_Task requirements_
Return the following data exactly, with all pictures left out.

_Records for this exercise_
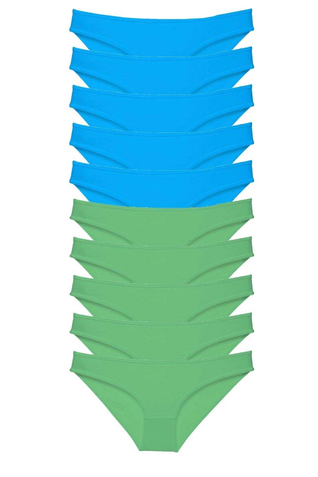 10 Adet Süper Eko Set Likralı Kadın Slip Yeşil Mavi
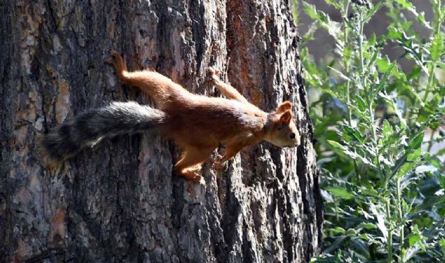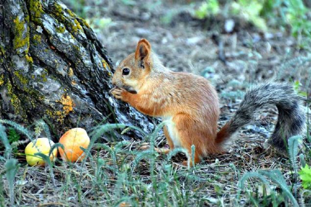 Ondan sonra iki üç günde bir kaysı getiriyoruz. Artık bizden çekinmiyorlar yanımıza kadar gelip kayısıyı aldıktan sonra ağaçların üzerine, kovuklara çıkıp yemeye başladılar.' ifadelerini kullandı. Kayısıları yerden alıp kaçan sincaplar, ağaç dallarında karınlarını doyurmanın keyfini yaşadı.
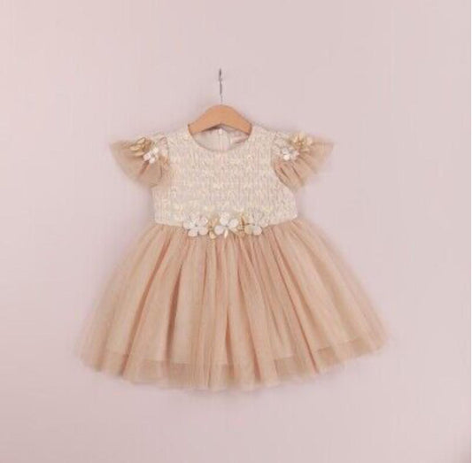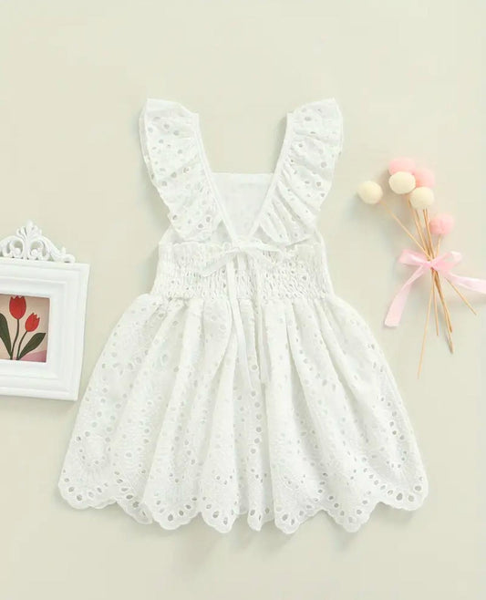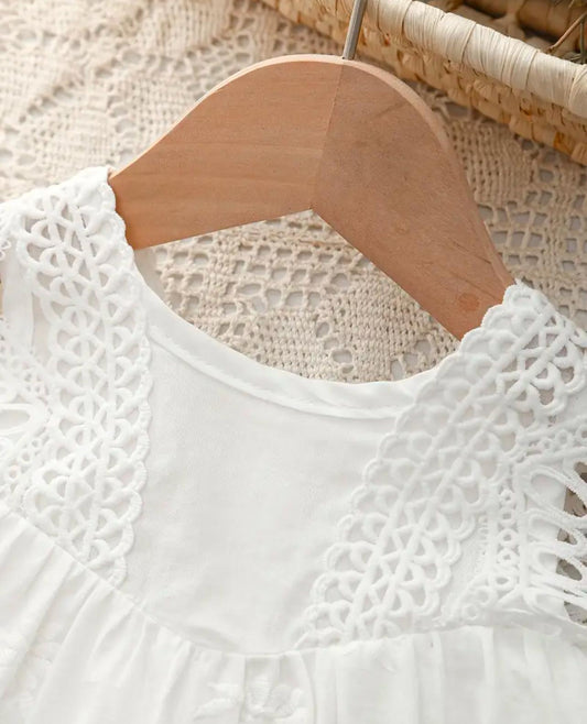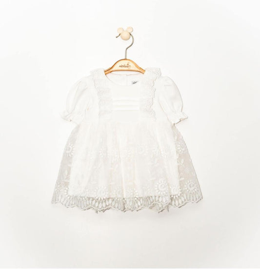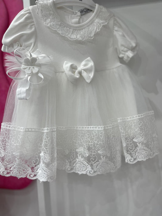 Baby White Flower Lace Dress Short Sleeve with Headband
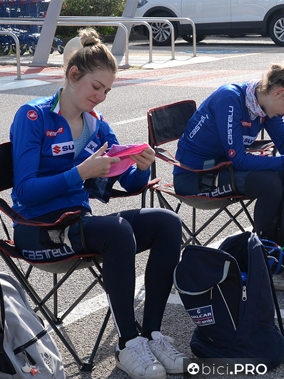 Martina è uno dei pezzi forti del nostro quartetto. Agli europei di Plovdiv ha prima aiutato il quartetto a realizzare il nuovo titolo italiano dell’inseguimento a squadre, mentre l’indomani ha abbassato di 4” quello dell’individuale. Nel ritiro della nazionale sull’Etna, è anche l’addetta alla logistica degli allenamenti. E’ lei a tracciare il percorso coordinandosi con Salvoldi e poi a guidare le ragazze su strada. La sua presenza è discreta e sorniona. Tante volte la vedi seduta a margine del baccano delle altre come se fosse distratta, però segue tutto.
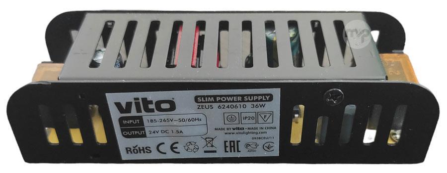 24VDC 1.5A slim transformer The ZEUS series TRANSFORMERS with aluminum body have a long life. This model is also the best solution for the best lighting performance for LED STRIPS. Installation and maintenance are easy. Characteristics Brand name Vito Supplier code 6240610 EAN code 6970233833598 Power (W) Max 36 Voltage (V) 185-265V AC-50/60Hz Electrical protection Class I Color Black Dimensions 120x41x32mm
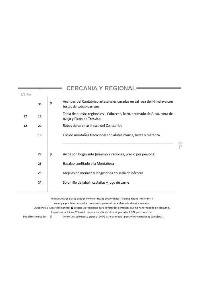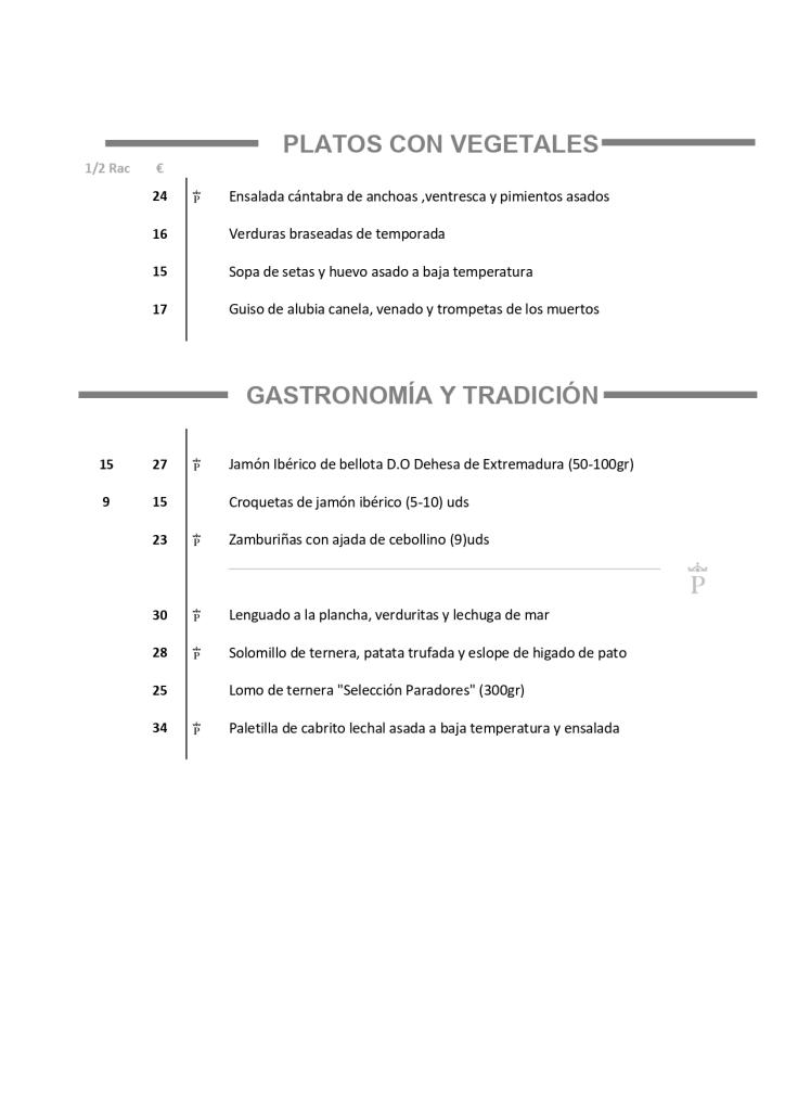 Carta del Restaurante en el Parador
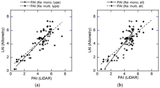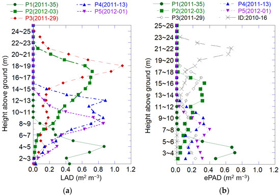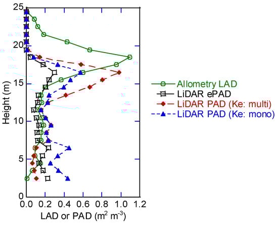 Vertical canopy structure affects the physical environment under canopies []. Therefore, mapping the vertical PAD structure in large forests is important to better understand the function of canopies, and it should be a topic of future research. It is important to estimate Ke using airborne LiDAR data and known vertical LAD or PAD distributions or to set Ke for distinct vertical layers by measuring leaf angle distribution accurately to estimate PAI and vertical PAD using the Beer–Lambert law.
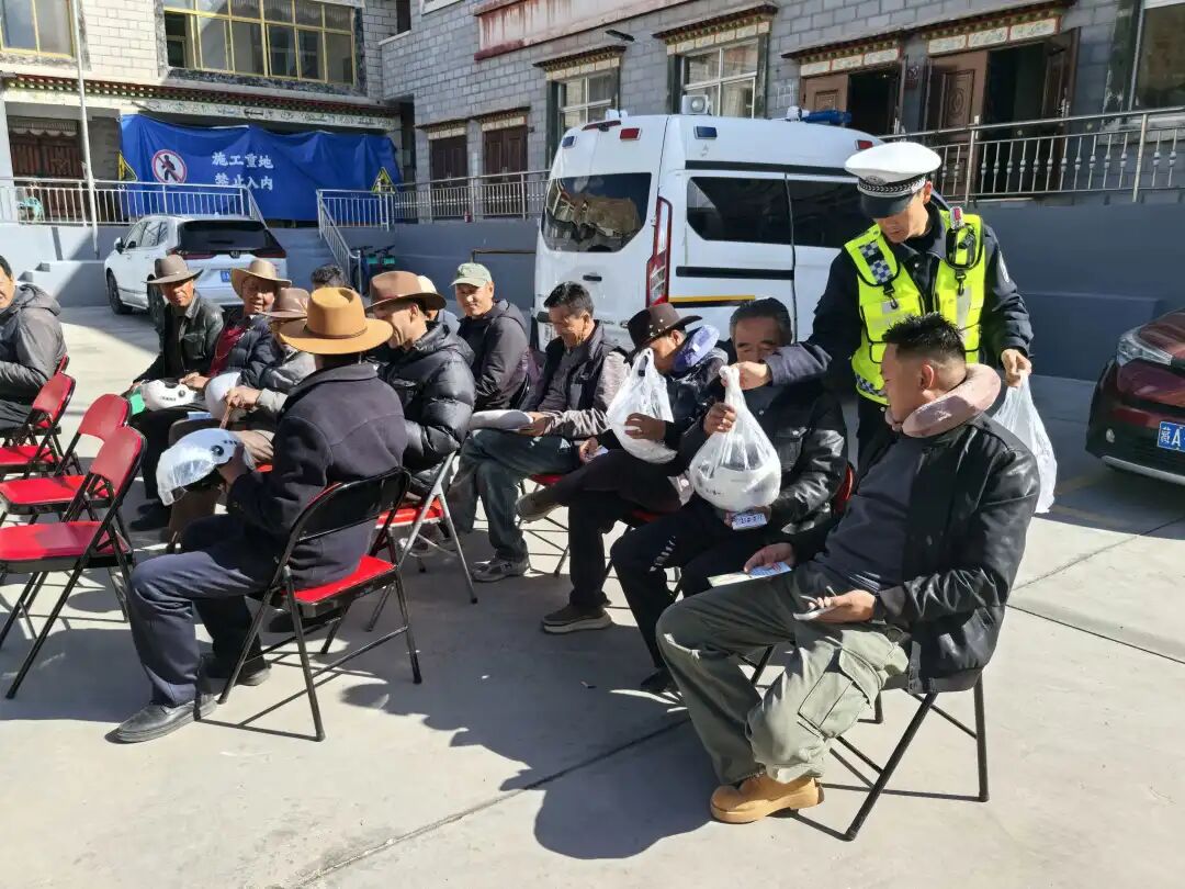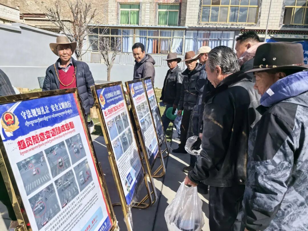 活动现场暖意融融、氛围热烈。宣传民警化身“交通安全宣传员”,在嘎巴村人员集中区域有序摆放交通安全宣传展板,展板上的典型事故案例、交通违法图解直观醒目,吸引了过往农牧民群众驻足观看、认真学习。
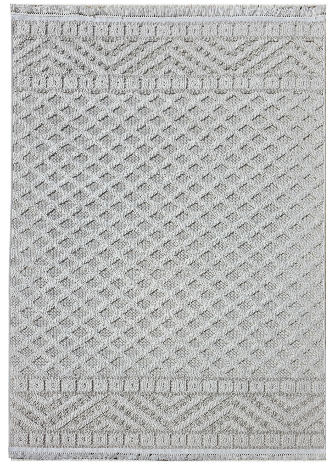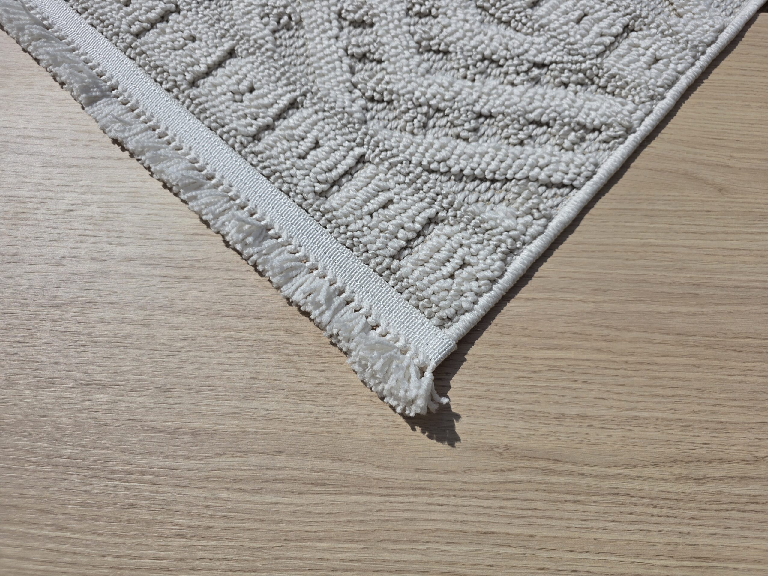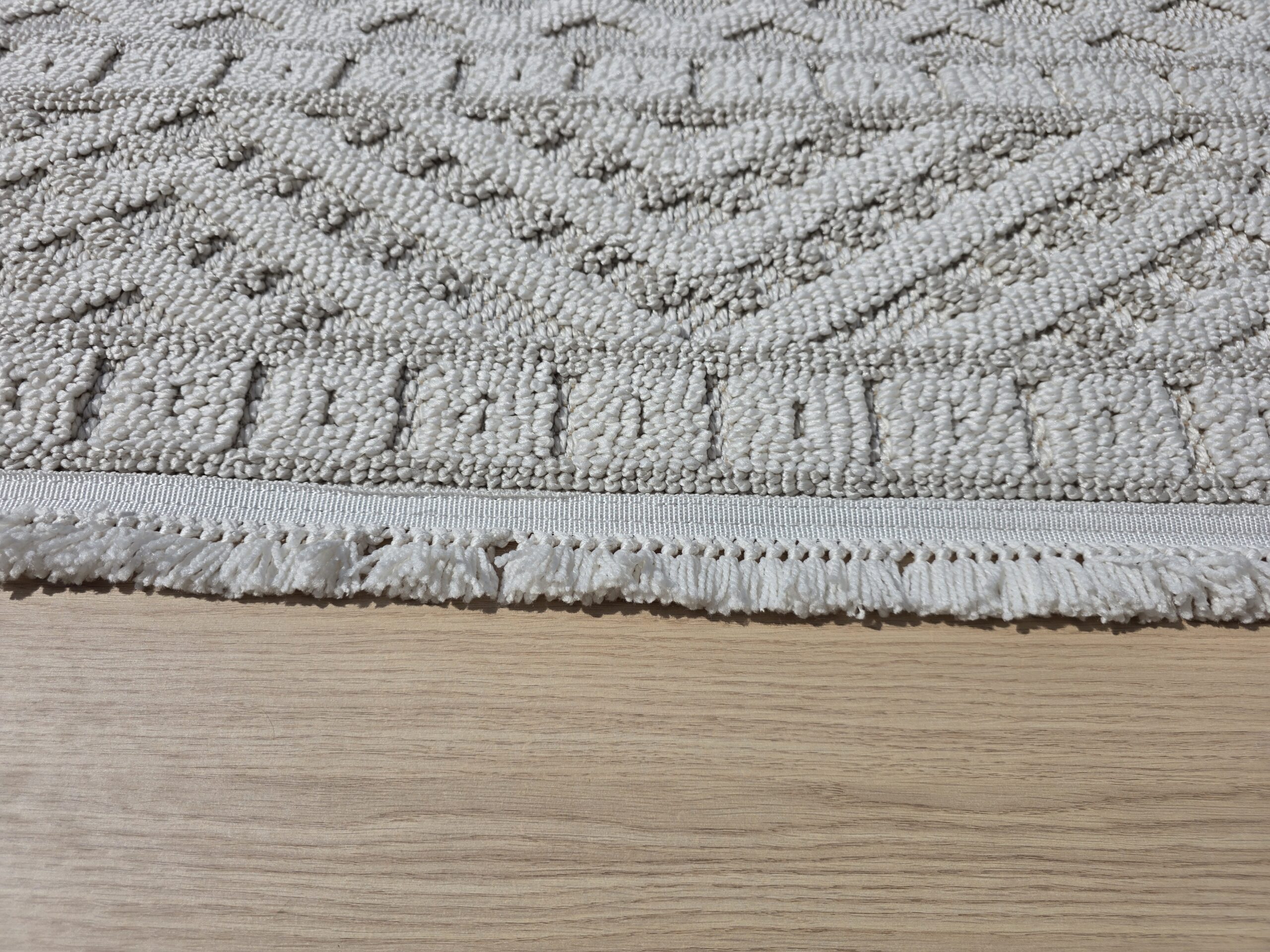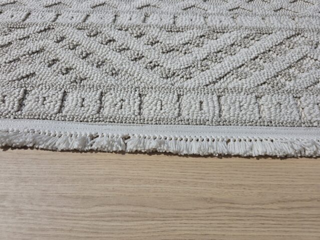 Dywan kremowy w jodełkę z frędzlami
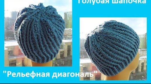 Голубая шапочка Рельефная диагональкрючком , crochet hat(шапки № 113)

_Task output_
 10 Adet Süper Eko Set Likralı Kadın Slip Yeşil Mavi
 Ondan sonra iki üç günde bir kaysı getiriyoruz. Artık bizden çekinmiyorlar yanımıza kadar gelip kayısıyı aldıktan sonra ağaçların üzerine, kovuklara çıkıp yemeye başladılar.' ifadelerini kullandı. Kayısıları yerden alıp kaçan sincaplar, ağaç dallarında karınlarını doyurmanın keyfini yaşadı.
 Baby White Flower Lace Dress Short Sleeve with Headband
 Martina è uno dei pezzi forti del nostro quartetto. Agli europei di Plovdiv ha prima aiutato il quartetto a realizzare il nuovo titolo italiano dell’inseguimento a squadre, mentre l’indomani ha abbassato di 4” quello dell’individuale. Nel ritiro della nazionale sull’Etna, è anche l’addetta alla logistica degli allenamenti. E’ lei a tracciare il percorso coordinandosi con Salvoldi e poi a guidare le ragazze su strada. La sua presenza è discreta e sorniona. Tante volte la vedi seduta a margine del baccano delle altre come se fosse distratta, però segue tutto.
 24VDC 1.5A slim transformer The ZEUS series TRANSFORMERS with aluminum body have a long life. This model is also the best solution for the best lighting performance for LED STRIPS. Installation and maintenance are easy. Characteristics Brand name Vito Supplier code 6240610 EAN code 6970233833598 Power (W) Max 36 Voltage (V) 185-265V AC-50/60Hz Electrical protection Class I Color Black Dimensions 120x41x32mm
 Carta del Restaurante en el Parador
 Vertical canopy structure affects the physical environment under canopies []. Therefore, mapping the vertical PAD structure in large forests is important to better understand the function of canopies, and it should be a topic of future research. It is important to estimate Ke using airborne LiDAR data and known vertical LAD or PAD distributions or to set Ke for distinct vertical layers by measuring leaf angle distribution accurately to estimate PAI and vertical PAD using the Beer–Lambert law.
 活动现场暖意融融、氛围热烈。宣传民警化身“交通安全宣传员”,在嘎巴村人员集中区域有序摆放交通安全宣传展板,展板上的典型事故案例、交通违法图解直观醒目,吸引了过往农牧民群众驻足观看、认真学习。
 Dywan kremowy w jodełkę z frędzlami
 Голубая шапочка Рельефная диагональкрючком , crochet hat(шапки № 113)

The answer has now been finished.